Tijdens het onderzoek in de woning van verdachte werd door een fraude-inspecteur van Enexis vastgesteld dat de elektriciteitsmeter zichtbaar was gemanipuleerd. Er waren twee illegale elektriciteitsaansluitingen gemaakt. Een van de aansluitingen was buiten de meter om aangesloten op de verdeelkast in de kelder. Deze verdeelkast voorzag een groot gedeelte van de woning van elektriciteit. De andere illegale aftakking liep buiten de meter om naar de hennepplantage en voorzag deze van elektriciteit. Door de manipulatie werd de afgenomen elektriciteit ten behoeve van de hennepplantage en het huishoudelijk verbruik niet correct via de elektriciteitsmeter geregistreerd.
In de aangifte van Enexis is verklaard dat [persoon 1] op 9 juli 2005 een overeenkomst had gesloten met Enexis betreffende de aansluiting en transport van elektriciteit naar de woning aan de [H.straat] . Dit contract was op 7 november 2008 beëindigd.
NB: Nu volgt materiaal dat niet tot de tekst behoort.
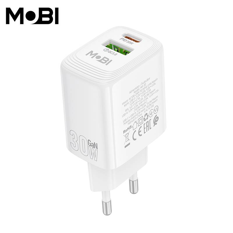 Incarcator priza Mobi MP-30 1A1C PD 30W QC 3.0 alb |

Op 14 november 2008 was door verdachte eenzelfde contract afgesloten.
Door Enexis is onderzoek gedaan naar het stroomverbruik in de woning van verdachte.
Uit dit onderzoek bleek dat het berekende jaarverbruik vanaf 9 juli 2005, zijnde het moment waarop door medebewoonster [persoon 1] het contract met Enexis werd afgesloten, met circa de helft was afgenomen ten opzichte van de vorige bewoners. Het elektriciteitsverbruik was tot 12 januari 2011 constant op dit (lagere) niveau gebleven. Hieruit leidt Enexis af dat al vanaf 9 juli 2005 werd gefraudeerd met elektriciteit door middel van illegale aftakkingen.
Uit de hiervoor weergegeven bewijsmiddelen volgt dat de woning aan de [H.straat] te Landgraaf op 12 januari 2011 in gebruik was bij verdachte en dat zich in die woning een hennepkwekerij bevond. Verdachte heeft zich bij de politie op zijn zwijgrecht beroepen en er voor gekozen niet ter terechtzitting te verschijnen. Naar het oordeel van de rechtbank kan wettig en overtuigend worden bewezen dat verdachte het onder 1 tenlastegelegde feit heeft begaan op de wijze als hierna onder de bewezenverklaring vermeld.
Op basis van de aangifte van Enexis is vast komen te staan dat in de woning van verdachte ten behoeve van de daar aanwezige hennepkwekerij en een gedeelte van het huishouden illegaal stroom werd afgenomen. Verdachte heeft naar het oordeel van de rechtbank in redelijkheid kunnen weten dat de rekeningen die hij van Enexis ontving, niet toereikend waren voor de grote hoeveelheid elektriciteit die de apparatuur ten behoeve van een hennepkwekerij afneemt. Dit geldt temeer nu ook de stroom ten behoeve van een deel van het huishouden illegaal werd afgetapt, waardoor ook die rekeningen (te) laag uitvielen. Naar het oordeel van de rechtbank houdt de wetenschap van verdachte dat elektriciteit gedeeltelijk niet gemeten wordt, het oogmerk van wederrechtelijke toe-eigening in.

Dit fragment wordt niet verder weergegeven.